The Premier League said it hadn’t rejected the plan – but stated clubs are encouraged to support charitable causes only when that support complies with its rules. The league’s rules around kits state the first priority is that outfield players for home teams should wear their home kits.

Rules do also state clubs are allowed to change their shirt sponsor once per season to support good causes.

A Premier League spokesperson said: “The Premier League receives a large number of requests from charities every season however we aren’t able to support all centrally. Clubs are entitled to support charitable causes, and we encourage clubs to do so, provided it is in compliance with Premier League rules.”

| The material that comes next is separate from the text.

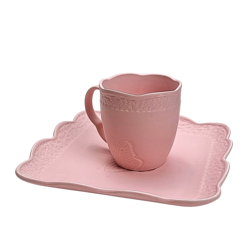 Keraminis puodelis, švelniai rožinės spalvos, banguoti kraštai, dekoruotas reljefiniu drugeliu. Matmenys: skersmuo - 8.5cm, aukštis 8.5cm.

However club chief executives later voted against supporting the plan at a shareholder’s meeting on November 11.

Which clubs are taking part?

Despite Premier League opposition, fans of Tottenham, Everton, Brighton and Hove Albion, Brentford and Watford have vowed to wear changed kits even if their team will not be able to follow suit.  

Shelter had more luck with the EFL, who represent the three divisions below the Premier League, and other lower leagues further down the football league pyramid.

The housing charity have said teams in the Championship, League One and League Two as well as the National League, Northern Premier, Isthmian League, Southern Leage and at grassroots levels all support the initiative. Teams from Wales JD Cymru League will also take part.

The teams confirmed to be taking part include:

  • Barnsley
  • Cardiff City
  • Carlisle United
  • Preston North End
  • Portsmouth
  • Tranmere Rovers
  • FC Halifax Town
  • Aldershot
  • Wrexham
  • King’s Lynn Town
  • Stockport County
  • Barnet
  • Wealdstone
  • Torquay United
  • Dover Athletic
  • Weymouth
  • Bromley
  • Bala Town
  • The New Saints
  • Flint Town
  • Aberyswyth Town
  • Penybont
  • Newtown
  • Atherton Colleries
  • Bamber Bridge
  • FC United of Manchester
  • Grantham Town
  • Matlock Town
  • Mickleover
  • Scarborough Athletic
  • Stafford Rangers
  • Stalybridge Celtic
  • Whitby Town
  • Witton Albion
  • Hackney Wick FC
  • Caversham United
  • Lea United
  • Merthyr Town
  • Ynyshir Albions FC
  • AFC Telford

Some Premier League and EFL teams who are playing away have also asked supporters to wear away kits in the crowd to back Shelter:

  • Brentford 
  • Brighton and Hove Albion
  • Everton
  • Tottenham Hotspur
  • Watford
  • Stoke City
  • Ipswich Town
  • Oxford United
  • Barrow
  • Forest Green Rovers
  • Leyton Orient
  • Rochdale
  • Salford City

And the campaign has even transcended football as a sport with rugby league team Bradford Bulls also pledging to wear their away kit on Boxing Day.

Football manufacturer Mitre has also created a unique ball to contribute to Shelter’s campaign. The Mitre x Shelter ball is available from Mitre’s website for £12 (RRP) on mitre.com with £5 from each sale donated to Shelter.

Simon Breckon, Mitre brand director, said: “Christmas is a poignant and difficult time of year for many and this gives fans and football communities the chance to come together and hopefully help make a difference.”